--- GIVEN RECORDS ---

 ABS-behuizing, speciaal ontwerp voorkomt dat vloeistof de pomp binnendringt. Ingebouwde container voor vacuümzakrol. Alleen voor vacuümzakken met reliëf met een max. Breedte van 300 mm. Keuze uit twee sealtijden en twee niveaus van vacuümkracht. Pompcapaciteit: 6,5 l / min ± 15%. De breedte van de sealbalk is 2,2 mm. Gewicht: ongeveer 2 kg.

---
--- GIVEN RECORDS ---

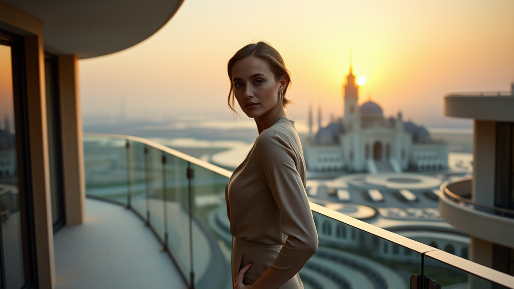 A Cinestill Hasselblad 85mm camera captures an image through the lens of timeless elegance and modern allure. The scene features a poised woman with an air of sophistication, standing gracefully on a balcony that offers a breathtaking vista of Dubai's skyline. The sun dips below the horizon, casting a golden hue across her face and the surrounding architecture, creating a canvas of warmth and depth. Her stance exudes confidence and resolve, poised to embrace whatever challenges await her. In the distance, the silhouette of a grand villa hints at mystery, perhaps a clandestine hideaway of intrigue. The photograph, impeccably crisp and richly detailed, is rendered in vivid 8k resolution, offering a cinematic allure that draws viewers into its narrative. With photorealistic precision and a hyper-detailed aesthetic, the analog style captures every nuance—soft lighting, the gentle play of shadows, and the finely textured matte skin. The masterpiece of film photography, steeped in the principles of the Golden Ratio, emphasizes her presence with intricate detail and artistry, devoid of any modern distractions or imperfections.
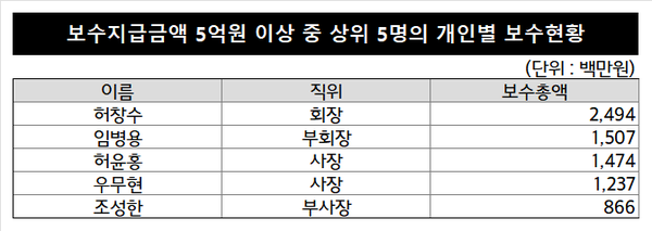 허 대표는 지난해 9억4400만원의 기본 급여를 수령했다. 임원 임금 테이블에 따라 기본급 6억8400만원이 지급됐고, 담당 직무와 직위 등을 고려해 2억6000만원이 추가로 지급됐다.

---
--- GIVEN RECORDS ---

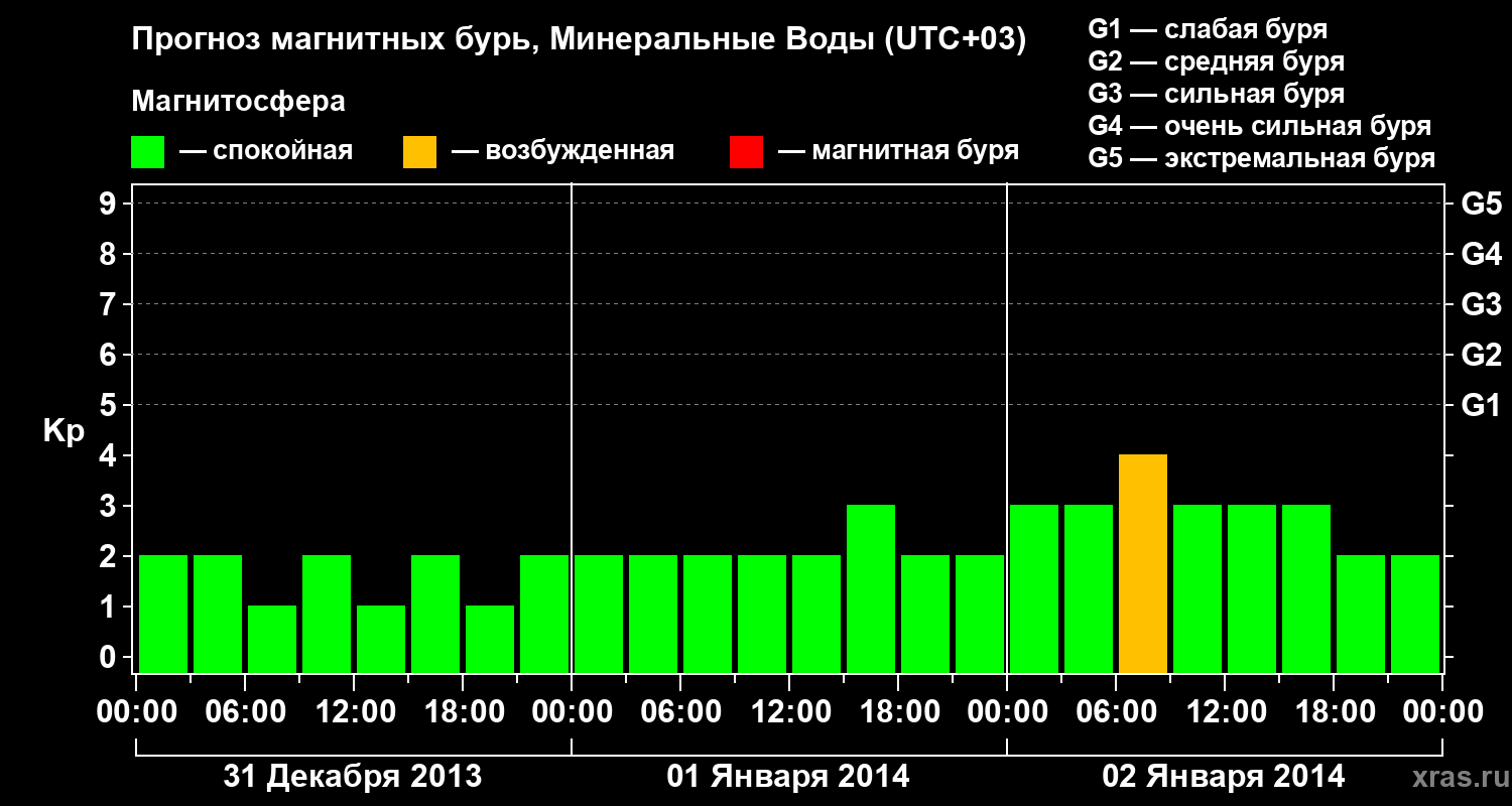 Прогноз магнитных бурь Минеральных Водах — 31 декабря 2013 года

---

* [EXERCISE DESCRIPTION]: Taking the entries above, extract every line from the one bearing "A Cinestill Hasselblad" through the one bearing "허 대표는 지난해 9억4400만원의", exactly, with no pictures.

* [EXERCISE RESPONSE]:
 A Cinestill Hasselblad 85mm camera captures an image through the lens of timeless elegance and modern allure. The scene features a poised woman with an air of sophistication, standing gracefully on a balcony that offers a breathtaking vista of Dubai's skyline. The sun dips below the horizon, casting a golden hue across her face and the surrounding architecture, creating a canvas of warmth and depth. Her stance exudes confidence and resolve, poised to embrace whatever challenges await her. In the distance, the silhouette of a grand villa hints at mystery, perhaps a clandestine hideaway of intrigue. The photograph, impeccably crisp and richly detailed, is rendered in vivid 8k resolution, offering a cinematic allure that draws viewers into its narrative. With photorealistic precision and a hyper-detailed aesthetic, the analog style captures every nuance—soft lighting, the gentle play of shadows, and the finely textured matte skin. The masterpiece of film photography, steeped in the principles of the Golden Ratio, emphasizes her presence with intricate detail and artistry, devoid of any modern distractions or imperfections.
 허 대표는 지난해 9억4400만원의 기본 급여를 수령했다. 임원 임금 테이블에 따라 기본급 6억8400만원이 지급됐고, 담당 직무와 직위 등을 고려해 2억6000만원이 추가로 지급됐다.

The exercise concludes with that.